Now, sum of first 12 terms        = n/2 [2a + (n – 1) d]

                        = 12/2 [2 × (-3) + (12 – 1) 5]

                        = 6 [-6 + 55]     = 6 × 49          

                        = 294

7.  Find the sum of the numbers from 1 to 100 which are exactly divisible by 3.

Solution,

The sequence of the numbers from 1 to 100 which are exactly divisible by 3 is 3, 6, 9, ……. 99.

Here,    first term (a) = 3

            Common difference (d) = 6 – 3 = 3

Last term (t_n) = 99

i.e.       a + (n – 1) d      = 99

or,        3 + (n – 1) 3      = 99

or,        3n        = 99

or,        n = 99/3 = 33

Now, required sum (S_n) = n/2 (a + l)

                                    = 33/2 (3 + 99)

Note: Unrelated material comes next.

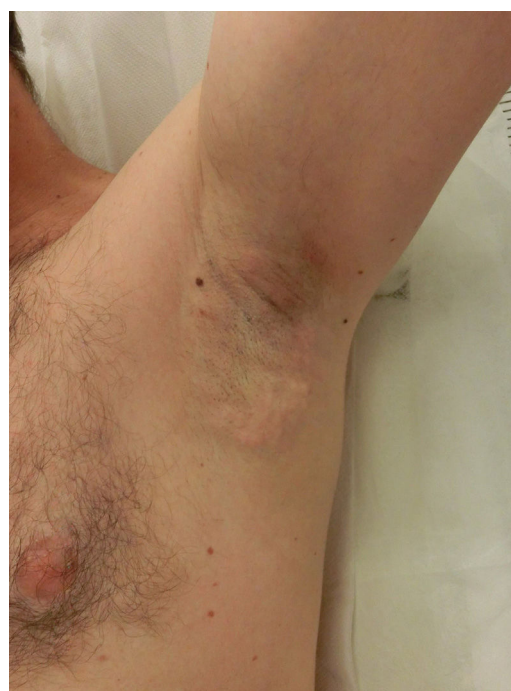
Figura 2 Inflamación local y nódulos subcutáneos postratamiento.

Prácticamente todos los pacientes experimentan inflamación local con dolor y presencia de nódulos subcutáneos que, de forma progresiva, desaparecen a lo largo de la

                                    = 33/2 × 102     = 1683

8.  The sum of the three numbers in A.P. is 15 and the sum of their squares is 83, find the numbers.

Solution,

Let the three numbers in A.P. be a, (a + d) and (a + 2d)

Now,    sum of the numbers = 15

i.e.        a + (a + d) + (a + 2d) = 15

or,        3a + 3d = 15

or,        a + d =

or,        a = 5 – d -----------(i)

Again, a² + (a + d)² + (a + 2d) ² = 83

or,         (5 – d)² + (5 – d + d)² + (5 – d + 2d)²     = 83

or,        25 – 10d + d² + 25 + 25 + 10d + d²         = 83

or,        75 + 2d²            = 83

or,        2d²       = 83 – 75

or,        d²         = 8/2 = 4

therefore, d       = (± 2)

Keeping the value of d in (i),

For d = 2

            a = 5 – d = 5 – 2 = 3

first number (a) = 3

second number (a + d) = 3 + 2 = 5

third number (a + 2d) = 3 + 4 = 7

for d = - 2

            a = 5 + 2 = 7

first number (a) = 7

second number (a + d) = 7 – 2 = 5

third number (a + 2d) = 7 – 4 = 3

Hence, three numbers in A.P. are 3, 5, 7 or 7, 5, 3.